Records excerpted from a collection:
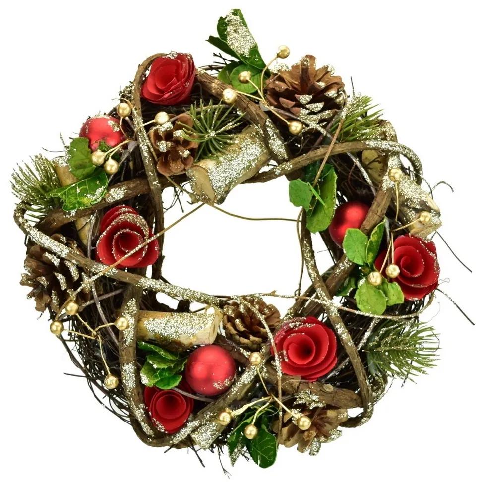 Tento vianočne zdobený veniec z prírodných materiálov bude krásnou ozdobou na vchodových dverách aj v interiéri. Veniec je kvalitne spracovaný a dekorovaný prírodnými vetvičkami, šiškami, suchými listami a doplnený červenými drevenými kvetmi a guľôčkami. Vneste kúsok prírody do vášho domova a vykúzlite si nádhernú vianočnú atmosféru.
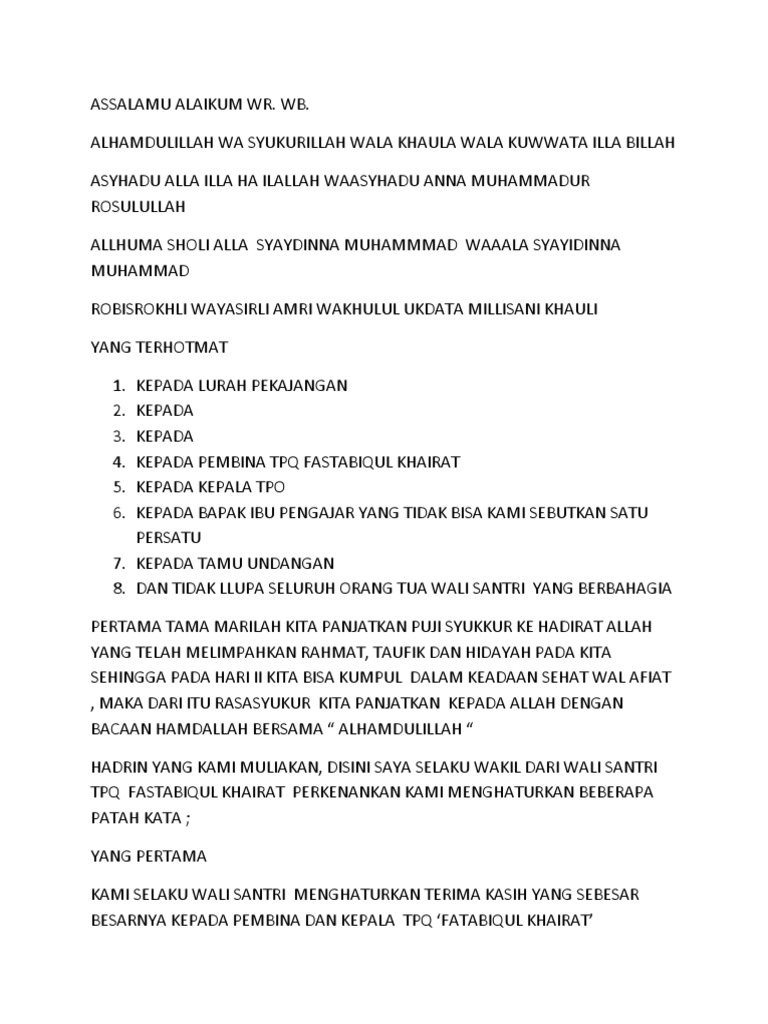 Contoh Teks Pidato Sambutan Wali Santri | Contoh Soal Dan Materi …
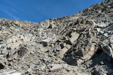 Nella parte alta sfasciume poco coeso, attenzione a non lapidare chi si trova più in basso e a non essere lapidati da chi si trova più in alto.
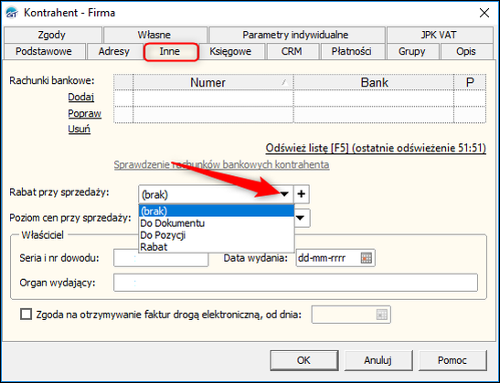 2. W zakładce Inne rozwinąć opcję Rabat przy sprzedaży. Na liście dostępne są rabaty zdefiniowane przez użytkownika w module Słowniki – Rabaty, gdzie można przypisać wartość wszystkich rabatów wykorzystywanych przy wystawianiu dokumentów handlowych oraz przy edycji towarów i kontrahentów.
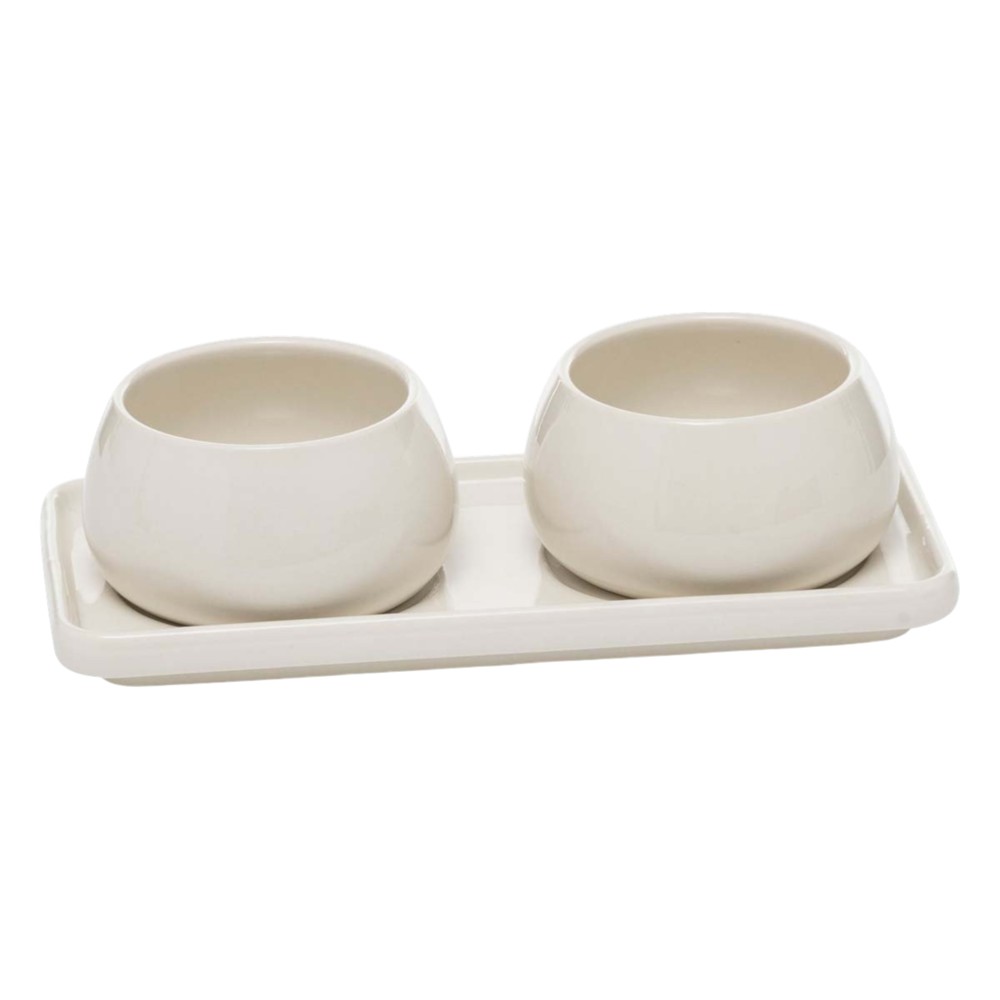 Prezantojmë Setin Nora, një zgjedhje elegante dhe minimaliste për servirjen e antipastave, salcave, apo ushqimeve të vogla. Ky set, i punuar me kujdes nga qeramikë cilësore në një ngjyrë të bardhë të pastër, sjell sofistikim dhe funksionalitet në çdo tryezë. Seti përfshin gjithashtu një tabaka koordinuese, e cila jo vetëm që shërben si bazë e qëndrueshme për tasat, por edhe e bën transportin dhe servirjen më të lehtë dhe më tërheqëse. Dizajni i thjeshtë dhe ngjyra e bardhë e papërpunuar i jep Setit Nora një pamje të pastër dhe moderne, e cila përshtatet lehtësisht me çdo stil dekorimi tavoline, nga ai klasik te ai bashkëkohor. Materiali i qeramikës garanton qëndrueshmëri dhe bën që pastrimi të jetë i thjeshtë, pasi tasat dhe tabakaja mund të lahen lehtësisht. Ky set është ideal për mbrëmje me miq, festa familjare, ose thjesht për t'i dhënë një pamje më të organizuar dhe tërheqëse servirjes së përditshme.
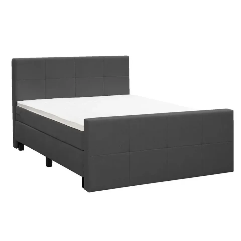Boxspring Liv is een boxspring met een afmeting van 180×200 cm. Deze prachtige boxspring is bekleed met een grof geweven antraciete stof en heeft een landelijke uitstraling met een geblokt hoofd- en voetbord. De Liv geblokt is uitgerust met twee pocketveringmatrassen en daarnaast ook nog een koudschuim topdekmatras voor extra comfort. Het pocketveringmatras is omkeerbaar, bestaande uit zowel een medium- als een stevige kant. Hierdoor kun je zelf kiezen wat voor jou het meest comfortabel ligt.
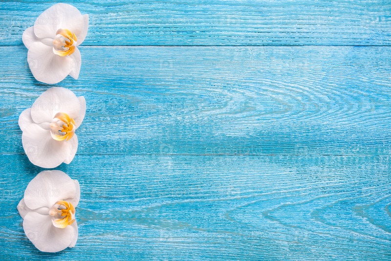 Белые цветы орхидеи на синем деревянном фоне, вид сверху, пространство для копирования
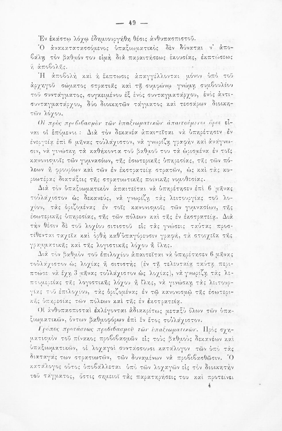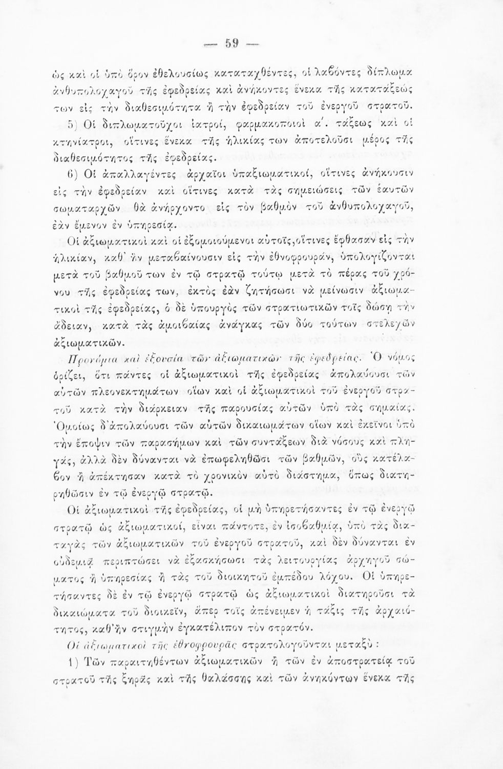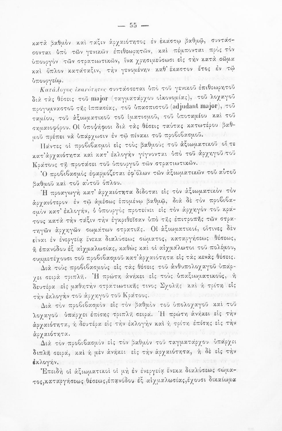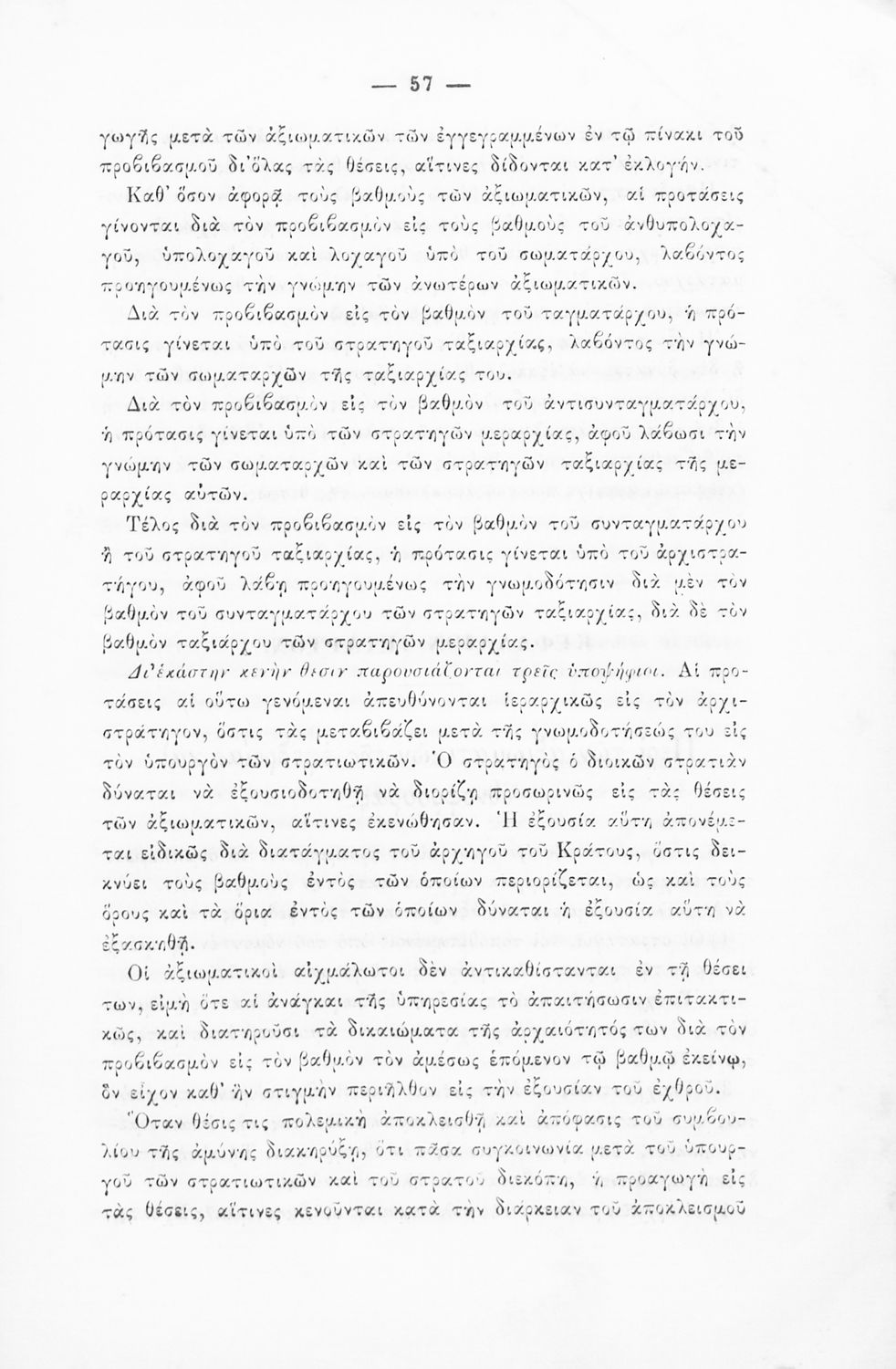 Παρουσίαση περιεχομένου: Εγχειρίδιο, μεταφρασμένο από τα Γαλλικά, που στόχο είχε τη διδασκαλία του στρατιωτικού συστήματος ορισμένων κρατών της Ευρώπης στη Στρατιωτική σχολή των Ευελπίδων. Στο βιβλίο παρουσιάζεται η δομή των στρατιωτικών οργανισμών και τα συστήματα στρατολόγησης των διαφόρων χωρών.
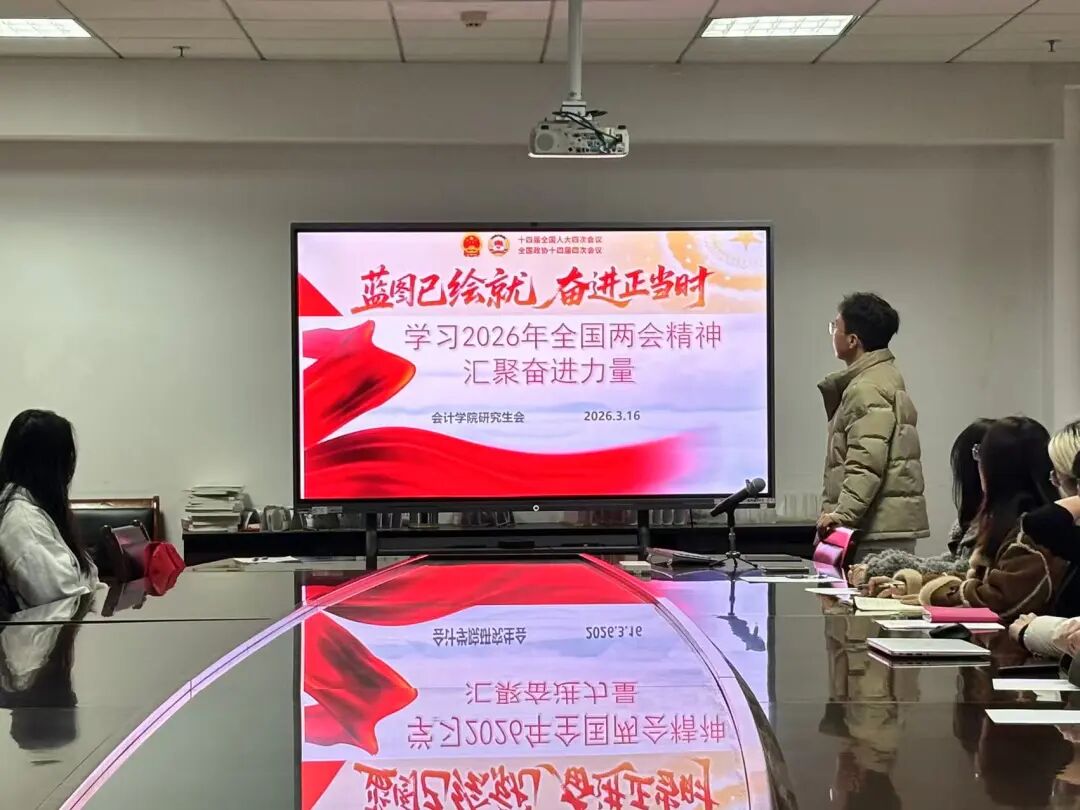 春潮涌动启新篇,凝心聚力向未来。2026年正值“十五五”开局之年,全国两会备受瞩目。为深入学习贯彻2026年全国两会精神,会计学院研究生会于3月16日在综合楼802会议室组织“蓝图已绘就,奋进正当时”两会专题学习活动。
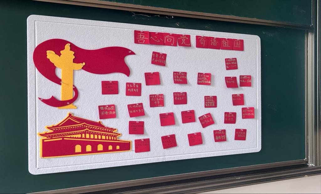 活动现场,一面精心设计的留言墙格外吸睛——天安门城楼图案庄重典雅,“吾心向党,寄语祖国”八个大字醒目耀眼。活动伊始,部门副部长发表热忱致辞,细数76年来新中国在中国共产党的领导下创下的举世成就,并号召同学们写下对祖国的赤诚之心与祝福。

# Try it:
The answer is the full set of records printed exactly, less the pictures.

# Reply to the exercise:
 Tento vianočne zdobený veniec z prírodných materiálov bude krásnou ozdobou na vchodových dverách aj v interiéri. Veniec je kvalitne spracovaný a dekorovaný prírodnými vetvičkami, šiškami, suchými listami a doplnený červenými drevenými kvetmi a guľôčkami. Vneste kúsok prírody do vášho domova a vykúzlite si nádhernú vianočnú atmosféru.
 Contoh Teks Pidato Sambutan Wali Santri | Contoh Soal Dan Materi …
 Nella parte alta sfasciume poco coeso, attenzione a non lapidare chi si trova più in basso e a non essere lapidati da chi si trova più in alto.
 2. W zakładce Inne rozwinąć opcję Rabat przy sprzedaży. Na liście dostępne są rabaty zdefiniowane przez użytkownika w module Słowniki – Rabaty, gdzie można przypisać wartość wszystkich rabatów wykorzystywanych przy wystawianiu dokumentów handlowych oraz przy edycji towarów i kontrahentów.
 Prezantojmë Setin Nora, një zgjedhje elegante dhe minimaliste për servirjen e antipastave, salcave, apo ushqimeve të vogla. Ky set, i punuar me kujdes nga qeramikë cilësore në një ngjyrë të bardhë të pastër, sjell sofistikim dhe funksionalitet në çdo tryezë. Seti përfshin gjithashtu një tabaka koordinuese, e cila jo vetëm që shërben si bazë e qëndrueshme për tasat, por edhe e bën transportin dhe servirjen më të lehtë dhe më tërheqëse. Dizajni i thjeshtë dhe ngjyra e bardhë e papërpunuar i jep Setit Nora një pamje të pastër dhe moderne, e cila përshtatet lehtësisht me çdo stil dekorimi tavoline, nga ai klasik te ai bashkëkohor. Materiali i qeramikës garanton qëndrueshmëri dhe bën që pastrimi të jetë i thjeshtë, pasi tasat dhe tabakaja mund të lahen lehtësisht. Ky set është ideal për mbrëmje me miq, festa familjare, ose thjesht për t'i dhënë një pamje më të organizuar dhe tërheqëse servirjes së përditshme.
Boxspring Liv is een boxspring met een afmeting van 180×200 cm. Deze prachtige boxspring is bekleed met een grof geweven antraciete stof en heeft een landelijke uitstraling met een geblokt hoofd- en voetbord. De Liv geblokt is uitgerust met twee pocketveringmatrassen en daarnaast ook nog een koudschuim topdekmatras voor extra comfort. Het pocketveringmatras is omkeerbaar, bestaande uit zowel een medium- als een stevige kant. Hierdoor kun je zelf kiezen wat voor jou het meest comfortabel ligt.
 Белые цветы орхидеи на синем деревянном фоне, вид сверху, пространство для копирования
 Παρουσίαση περιεχομένου: Εγχειρίδιο, μεταφρασμένο από τα Γαλλικά, που στόχο είχε τη διδασκαλία του στρατιωτικού συστήματος ορισμένων κρατών της Ευρώπης στη Στρατιωτική σχολή των Ευελπίδων. Στο βιβλίο παρουσιάζεται η δομή των στρατιωτικών οργανισμών και τα συστήματα στρατολόγησης των διαφόρων χωρών.
 春潮涌动启新篇,凝心聚力向未来。2026年正值“十五五”开局之年,全国两会备受瞩目。为深入学习贯彻2026年全国两会精神,会计学院研究生会于3月16日在综合楼802会议室组织“蓝图已绘就,奋进正当时”两会专题学习活动。
 活动现场,一面精心设计的留言墙格外吸睛——天安门城楼图案庄重典雅,“吾心向党,寄语祖国”八个大字醒目耀眼。活动伊始,部门副部长发表热忱致辞,细数76年来新中国在中国共产党的领导下创下的举世成就,并号召同学们写下对祖国的赤诚之心与祝福。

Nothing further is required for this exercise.